Which of the following is a point on the graph as described by the function y=(2x+1)2−4 ?
(−1,−3)
(0,−2)
(−1,−5)
(1,2)
To find the points on the graph described by the function y = (2x + 1)^2 - 4, substitute the given x-values into the equation and calculate the corresponding y-values.

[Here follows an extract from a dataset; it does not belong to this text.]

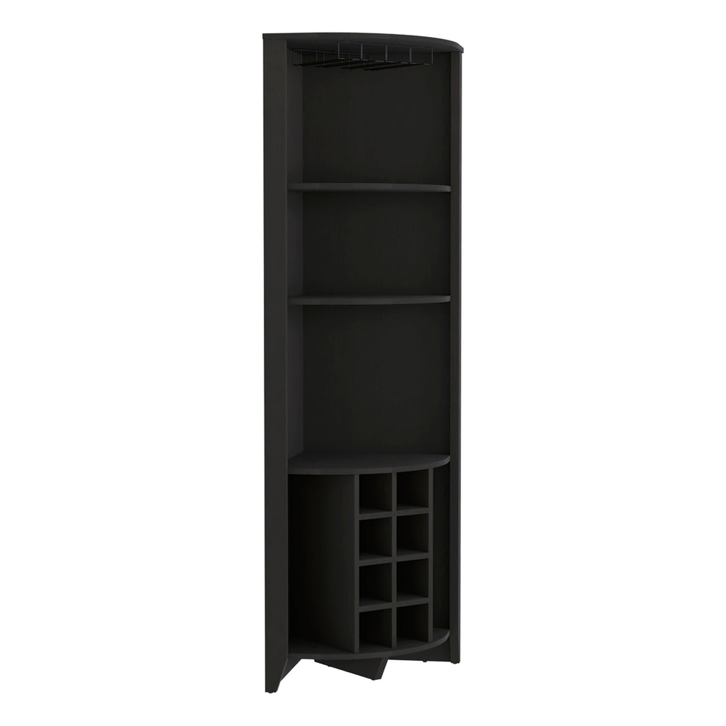 The Tuhome Essential Corner Bar Cabinet Is The Perfect Touch For Your Home Bar!With An Exclusive Ergonomic Size (19,2''W X 19,2''D X 71,1''H) Fits Perfect In Any Corner. This Sleek And Stylish Corner Bar Is Perfect For Any Home Looking To Add A Touch Of Exclusivity. The Built-In Storage Makes It Easy To Keep Your Drinks And Snacks Handy, While The Smooth Black Manufactured Wood Finish Will Complement Any Dcor.Includes Ample Storage Capacity With Three Shelves (15,5''H X 11,8''H X 17,7''H ), Eight Built-In Wine Rack(4,4''), And A Cup Rack Ideal For Your Glasses. Make Your Next Party Unforgettable With The Tuhome Essential Corner Bar.

For the points (−1,−3), (0,−2), (−1,−5), and (1,2):
- For (−1,−3):
Substitute x = -1 into the equation: y = (2(-1) + 1)^2 - 4
Simplify: y = ( -2 + 1 )^2 - 4
= (-1)^2 - 4
= 1 - 4
= -3
The calculated y-value is -3, which matches the given y-value of -3.
- For (0,−2):
Substitute x = 0 into the equation: y = (2(0) + 1)^2 - 4
Simplify: y = (0 + 1 )^2 - 4
= (1)^2 - 4
= 1 - 4
= -3
The calculated y-value is -3, which does not match the given y-value of -2.
- For (−1,−5):
Substitute x = -1 into the equation: y = (2(-1) + 1)^2 - 4
Simplify: y = (-2 + 1 )^2 - 4
= (-1)^2 - 4
= 1 - 4
= -3
The calculated y-value is -3, which does not match the given y-value of -5.
- For (1,2):
Substitute x = 1 into the equation: y = (2(1) + 1)^2 - 4
Simplify: y = (2 + 1 )^2 - 4
= (3)^2 - 4
= 9 - 4
= 5
The calculated y-value is 5, which does not match the given y-value of 2.
Therefore, the only point that lies on the graph described by the function y = (2x + 1)^2 - 4 is (−1,−3).